▶ _Aim of the task_:
With pictures excluded, retype exactly every line from the one containing "F(x),累积分布函数,指的" to the end of the records below.

[[ Entries shown, beginning ]]

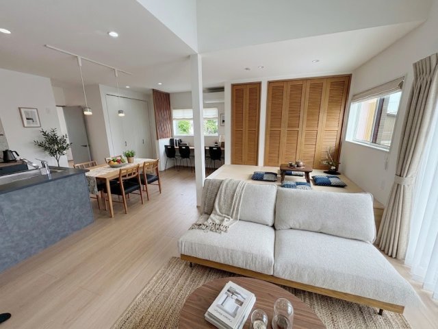 リビングは洗練された空間にも関わらず、自然光と木目の明るさで温もりを感じます。※画像はイメージです。
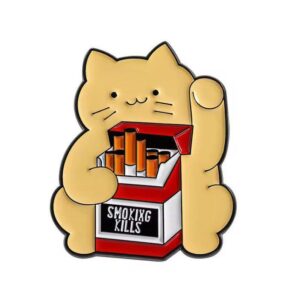 Металеві піни з кумедними котиками в оригінальному стилі, де пухнастики зображені у поєднанні з темою куріння. Незвичайний дизайн робить ці значки стильним аксесуаром для одягу, рюкзака, сумки чи кепки. Вони виконані в яскравих кольорах, мають чіткі контури та гладке емальоване покриття. Ідеально підходять для колекціонерів, любителів незвичного гумору та тих, хто цінує оригінальні дрібні аксесуари.
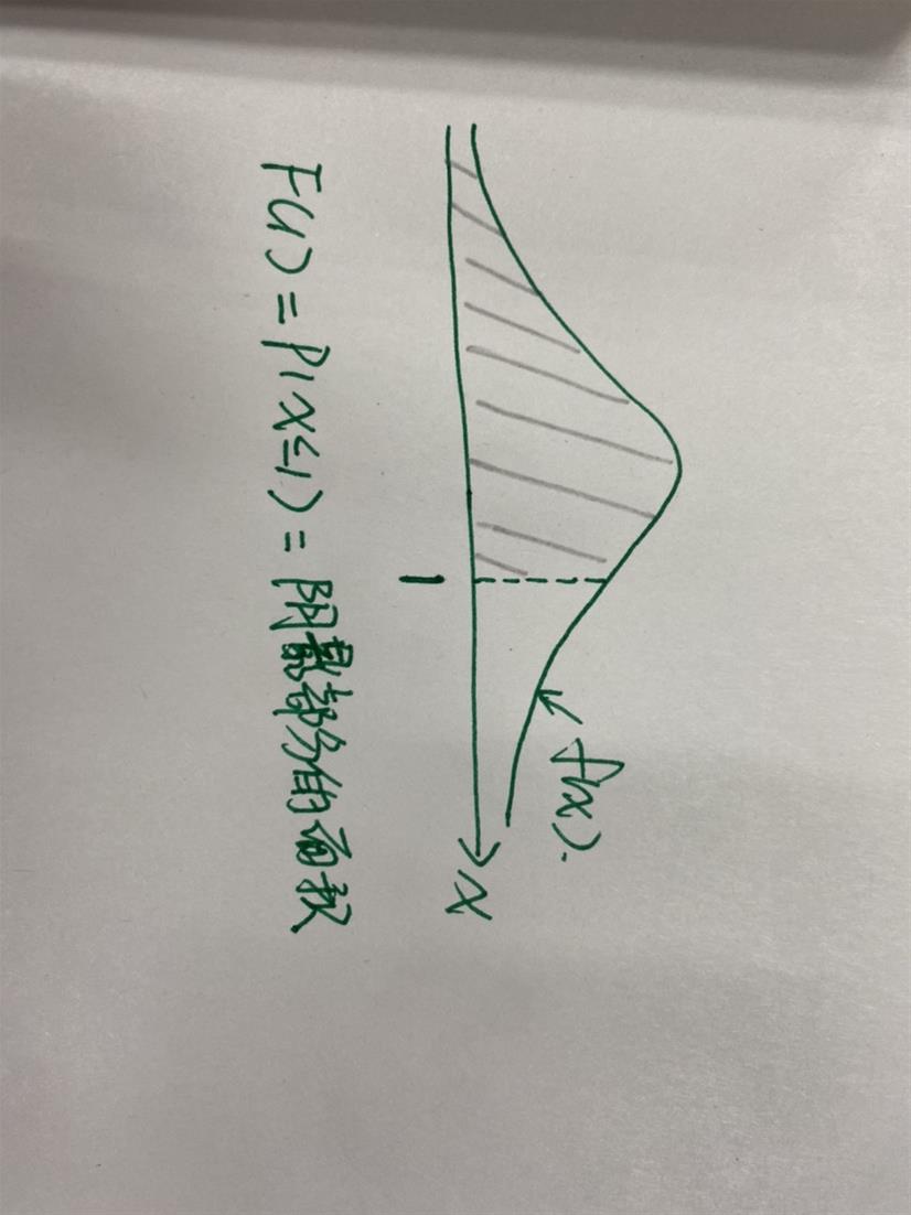 F(x),累积分布函数,指的是一个随机变量小于等于某个特定值x的概率F(z)= P(X≤z),如果z取1的话,画在图中就是下图
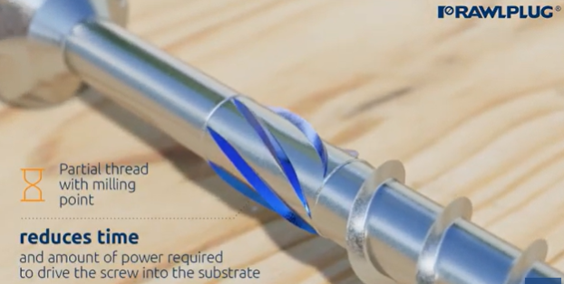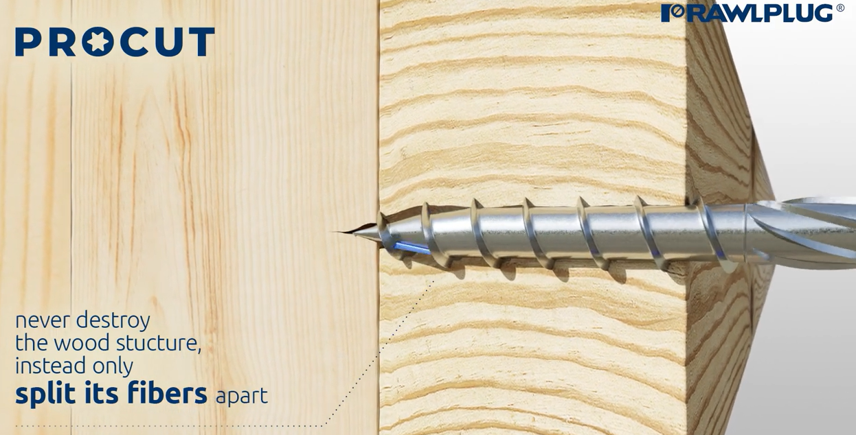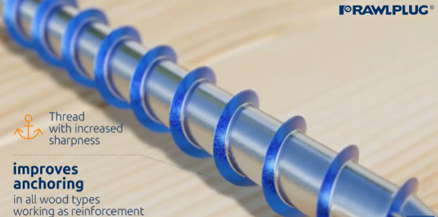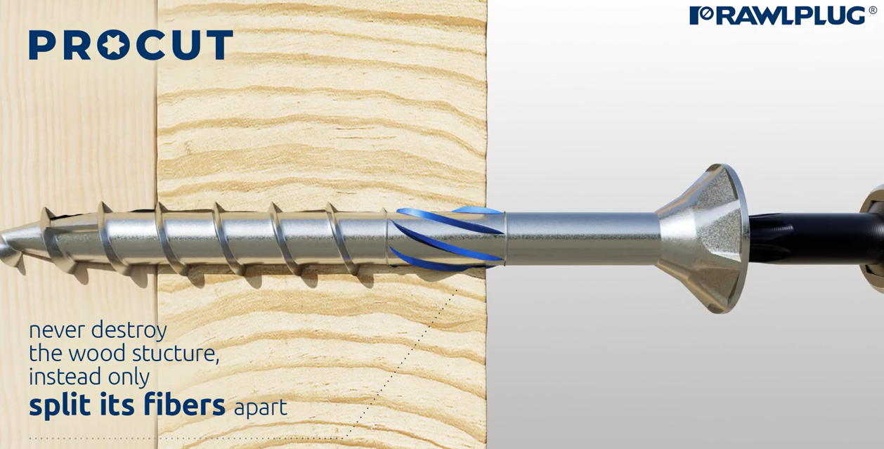 Patentētās īpašās frēzēšanas ribas nodrošina ātru skrūvju ievietošanu un saspiež koksnes šķiedras, tās neiznīcinot un neizmantojot to dabisko elastību.
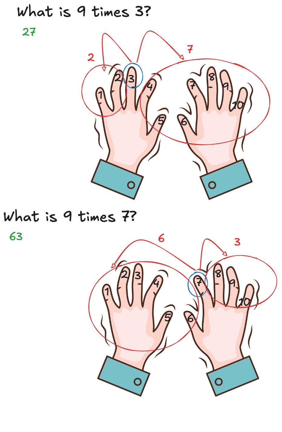 To give an example of an embodied mathematical skill that might be <in your body>, consider a technique you might have learnt in primary school to more easily memorise, or “cheat”, on your nine times tables. This technique involves using your hands ( assuming you have all of your fingers ) and running an index ( starting at 1, I imagine this method is from before Computer Science got big ) for the ordinality of the element in the sequence “multiples of 9” that we are interested in reproducing. You can then look at your hands and enumerate the number of fingers to the left and then to the right of your hand, with the left side giving you the tens position digit, and the right side giving you the ones position digit, which you concatenate as a string, with the concatenated value being the product of nine times our index.

[[ Entries shown, end ]]

▶ _Output_:
 F(x),累积分布函数,指的是一个随机变量小于等于某个特定值x的概率F(z)= P(X≤z),如果z取1的话,画在图中就是下图
 Patentētās īpašās frēzēšanas ribas nodrošina ātru skrūvju ievietošanu un saspiež koksnes šķiedras, tās neiznīcinot un neizmantojot to dabisko elastību.
 To give an example of an embodied mathematical skill that might be <in your body>, consider a technique you might have learnt in primary school to more easily memorise, or “cheat”, on your nine times tables. This technique involves using your hands ( assuming you have all of your fingers ) and running an index ( starting at 1, I imagine this method is from before Computer Science got big ) for the ordinality of the element in the sequence “multiples of 9” that we are interested in reproducing. You can then look at your hands and enumerate the number of fingers to the left and then to the right of your hand, with the left side giving you the tens position digit, and the right side giving you the ones position digit, which you concatenate as a string, with the concatenated value being the product of nine times our index.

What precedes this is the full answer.